**RECORD EXTRACTS:**
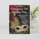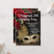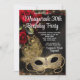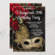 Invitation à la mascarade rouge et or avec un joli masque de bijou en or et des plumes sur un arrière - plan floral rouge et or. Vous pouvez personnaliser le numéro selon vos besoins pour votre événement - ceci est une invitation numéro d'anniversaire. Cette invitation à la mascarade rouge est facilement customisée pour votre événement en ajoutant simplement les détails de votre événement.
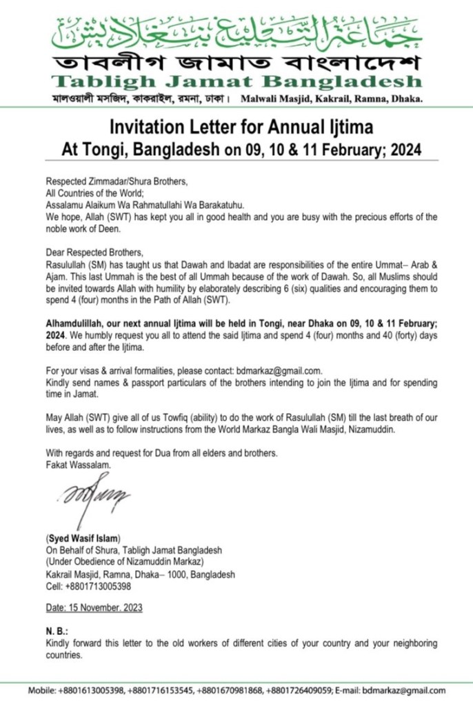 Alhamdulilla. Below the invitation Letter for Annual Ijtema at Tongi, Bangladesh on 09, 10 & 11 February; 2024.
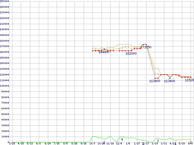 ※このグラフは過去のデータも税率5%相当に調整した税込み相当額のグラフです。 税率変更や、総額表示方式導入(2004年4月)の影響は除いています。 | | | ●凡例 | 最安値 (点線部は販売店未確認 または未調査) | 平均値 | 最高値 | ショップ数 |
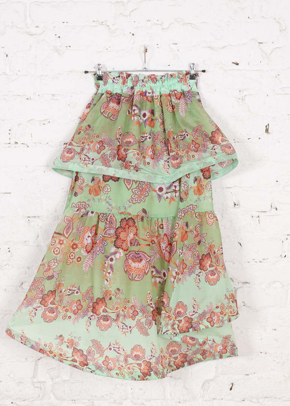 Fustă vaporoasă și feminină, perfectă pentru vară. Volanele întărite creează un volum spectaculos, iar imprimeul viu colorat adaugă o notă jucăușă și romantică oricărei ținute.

---

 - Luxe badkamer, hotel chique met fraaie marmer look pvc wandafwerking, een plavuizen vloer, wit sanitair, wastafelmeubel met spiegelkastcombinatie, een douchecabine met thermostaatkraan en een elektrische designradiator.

**ASSIGNED TASK:** Starting at the line with "Invitation à la mascarade rouge et" and finishing at the line with "Fustă vaporoasă și", copy the material above exactly, both lines included. Nothing else goes in, and no pictures.

**TASK OUTPUT:**
 Invitation à la mascarade rouge et or avec un joli masque de bijou en or et des plumes sur un arrière - plan floral rouge et or. Vous pouvez personnaliser le numéro selon vos besoins pour votre événement - ceci est une invitation numéro d'anniversaire. Cette invitation à la mascarade rouge est facilement customisée pour votre événement en ajoutant simplement les détails de votre événement.
 Alhamdulilla. Below the invitation Letter for Annual Ijtema at Tongi, Bangladesh on 09, 10 & 11 February; 2024.
 ※このグラフは過去のデータも税率5%相当に調整した税込み相当額のグラフです。 税率変更や、総額表示方式導入(2004年4月)の影響は除いています。 | | | ●凡例 | 最安値 (点線部は販売店未確認 または未調査) | 平均値 | 最高値 | ショップ数 |
 Fustă vaporoasă și feminină, perfectă pentru vară. Volanele întărite creează un volum spectaculos, iar imprimeul viu colorat adaugă o notă jucăușă și romantică oricărei ținute.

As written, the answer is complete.